* Exercise brief
Produce a word-for-word copy of the data that follows, excluding images.

* Information provided

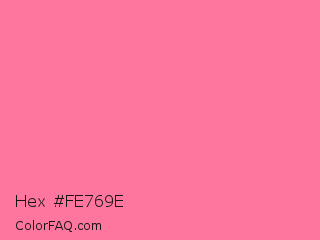 Hex #fe769e Color is a light rose color and the nearest color is French Pink #fd6c9e. Hex code #fe769e and RGB value is rgb(254,118,158). In RGB color space, this color is composed of 100% red, 46% green, 62% blue, In CMYK color space, this color is composed of 0% cyan, 54% magenta, 38% yellow , 0% black , In HSL color space, this color has a hue angle of 342° , 99% saturation and 73% lightness.
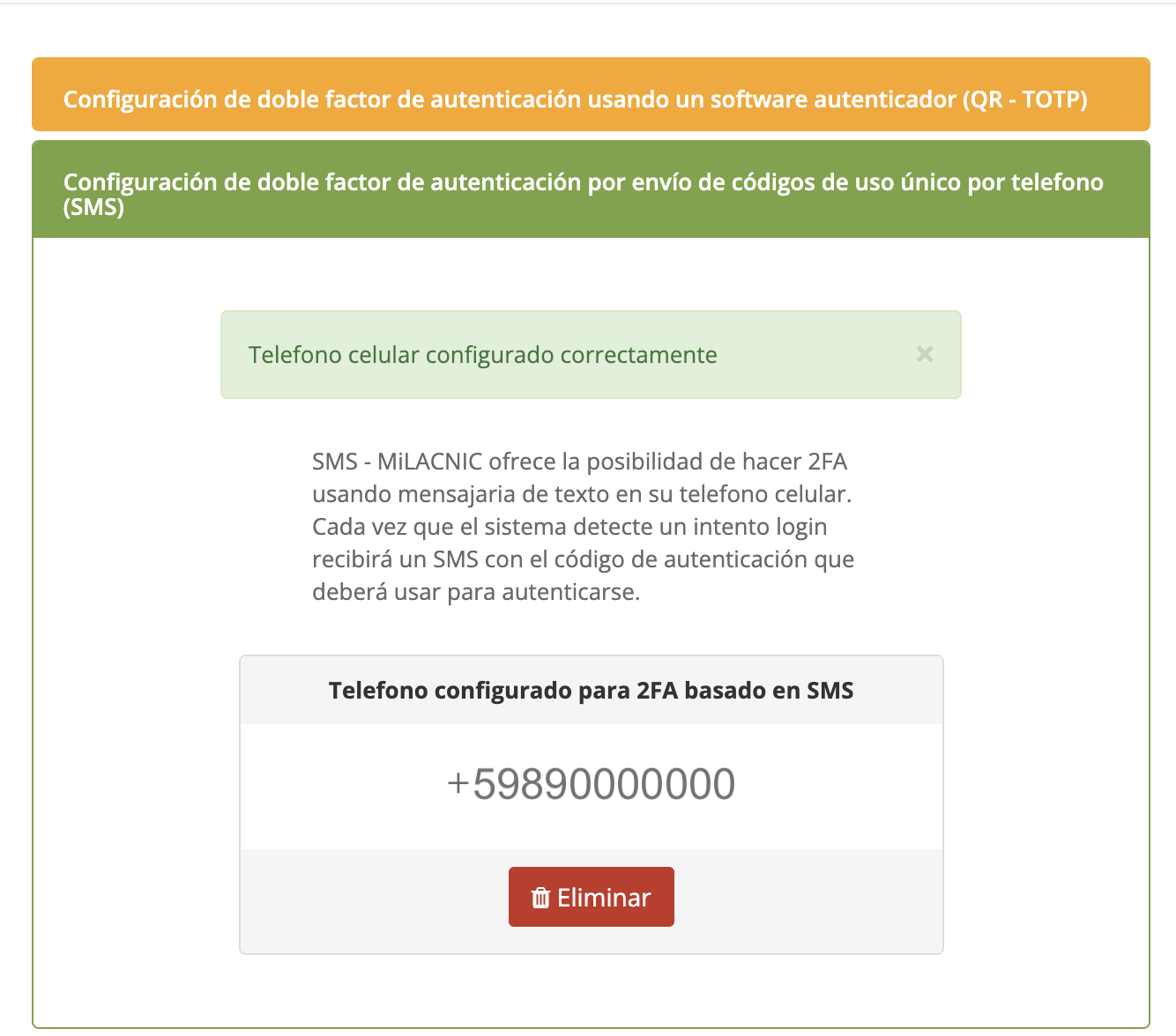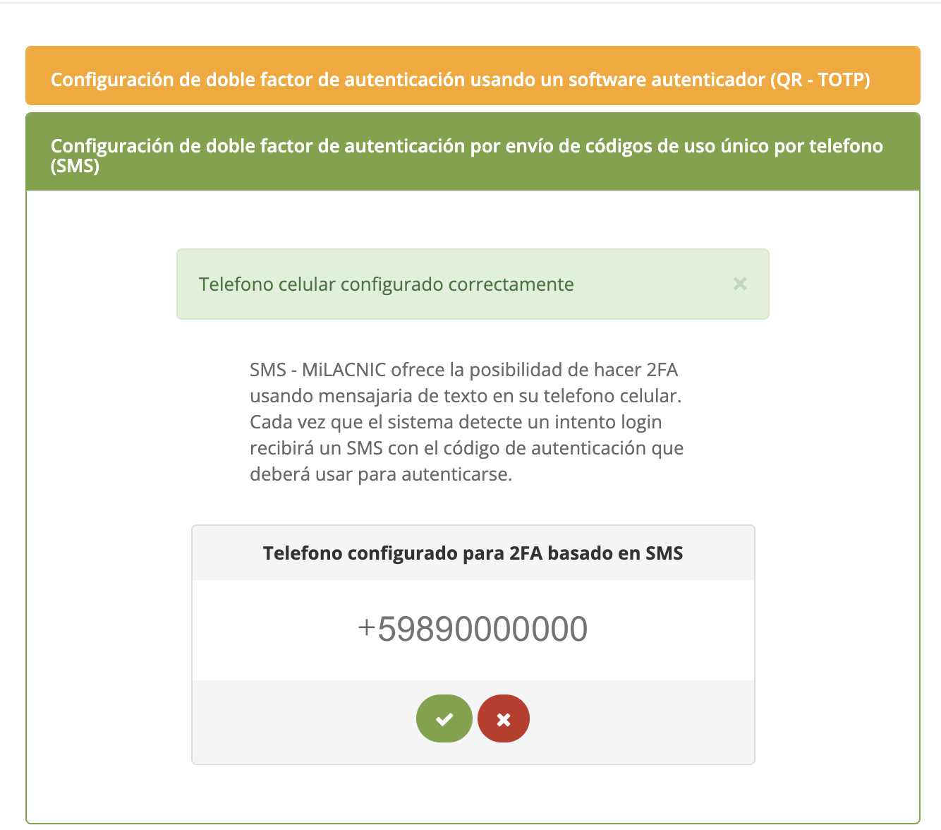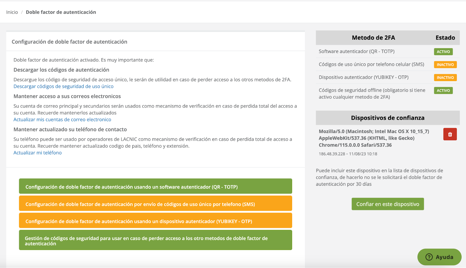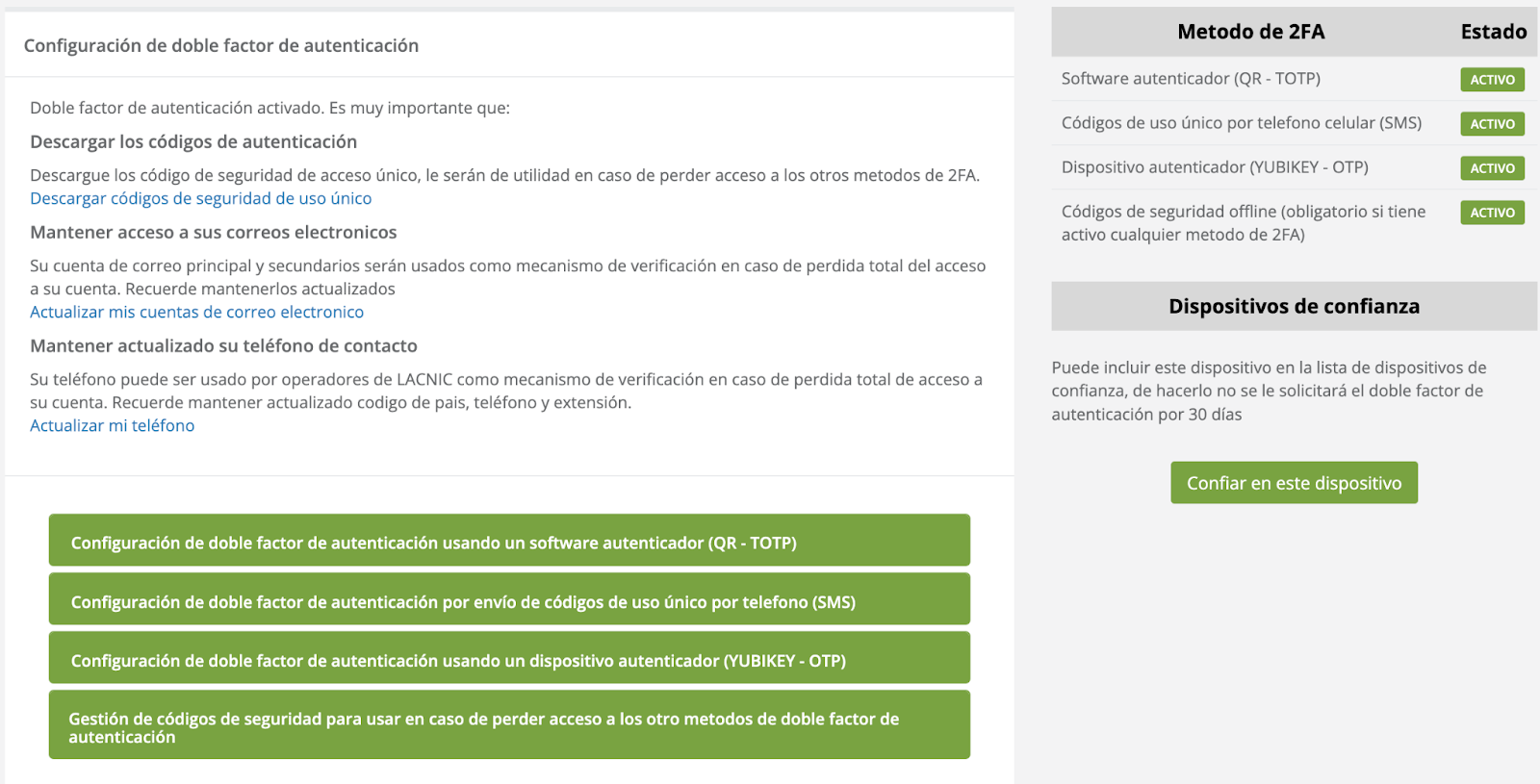 Una vez que tenemos el 2FA configurado, MILACNIC nos permite eliminar o añadir mecanismos de autenticación. Para hacerlo, en el panel del Doble Factor de autenticación se podrá visualizar los que tenemos configurados (verde) y los que aún no y podemos añadir (amarillo).
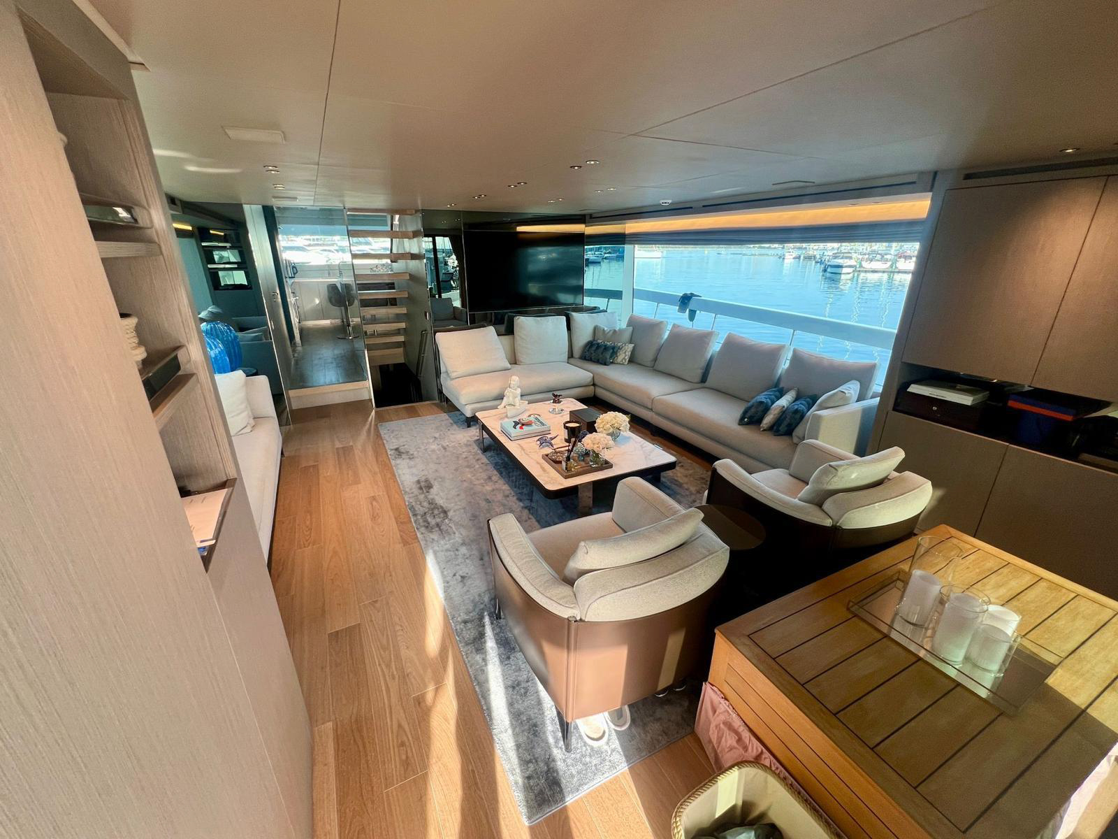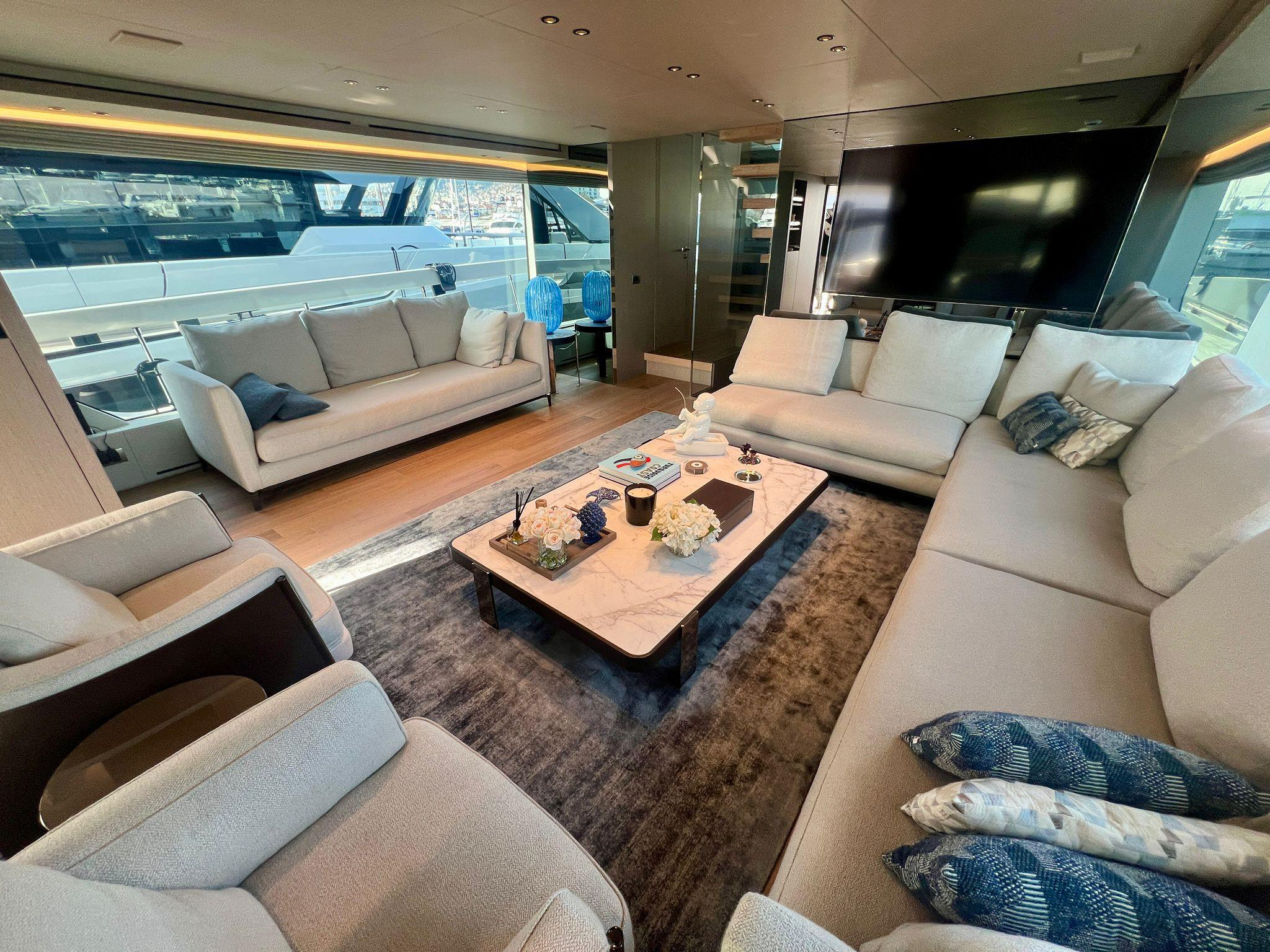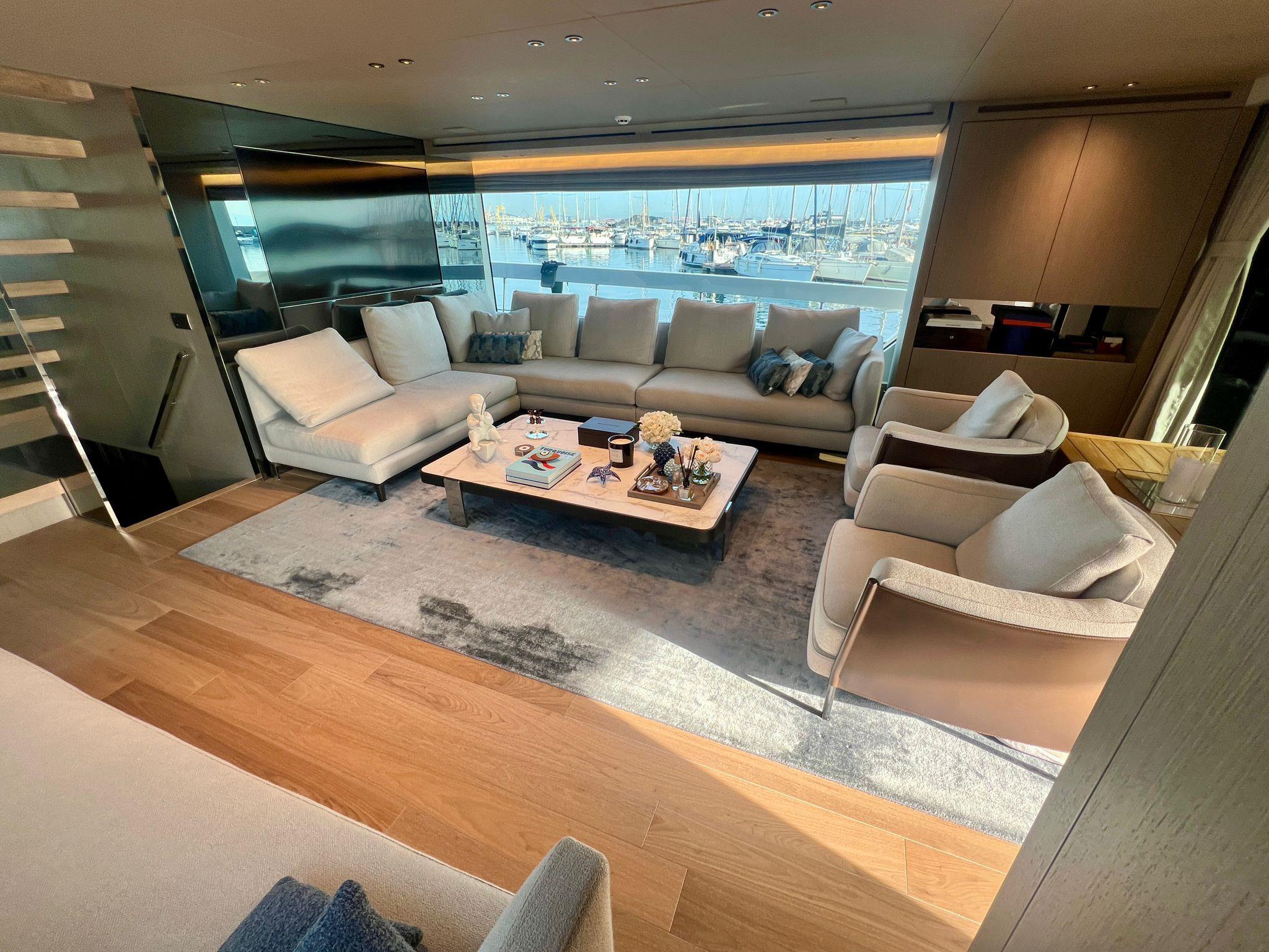Floor to ceiling windows to port and starboard, large L-shaped sofa to starboard with two arm chairs, coffee table with marble inlay, sofa to port, 65" LED TV, wooden walnut flooring and Jacaranda Satara rug

* Answer to the problem
 Hex #fe769e Color is a light rose color and the nearest color is French Pink #fd6c9e. Hex code #fe769e and RGB value is rgb(254,118,158). In RGB color space, this color is composed of 100% red, 46% green, 62% blue, In CMYK color space, this color is composed of 0% cyan, 54% magenta, 38% yellow , 0% black , In HSL color space, this color has a hue angle of 342° , 99% saturation and 73% lightness.
 Una vez que tenemos el 2FA configurado, MILACNIC nos permite eliminar o añadir mecanismos de autenticación. Para hacerlo, en el panel del Doble Factor de autenticación se podrá visualizar los que tenemos configurados (verde) y los que aún no y podemos añadir (amarillo).
Floor to ceiling windows to port and starboard, large L-shaped sofa to starboard with two arm chairs, coffee table with marble inlay, sofa to port, 65" LED TV, wooden walnut flooring and Jacaranda Satara rug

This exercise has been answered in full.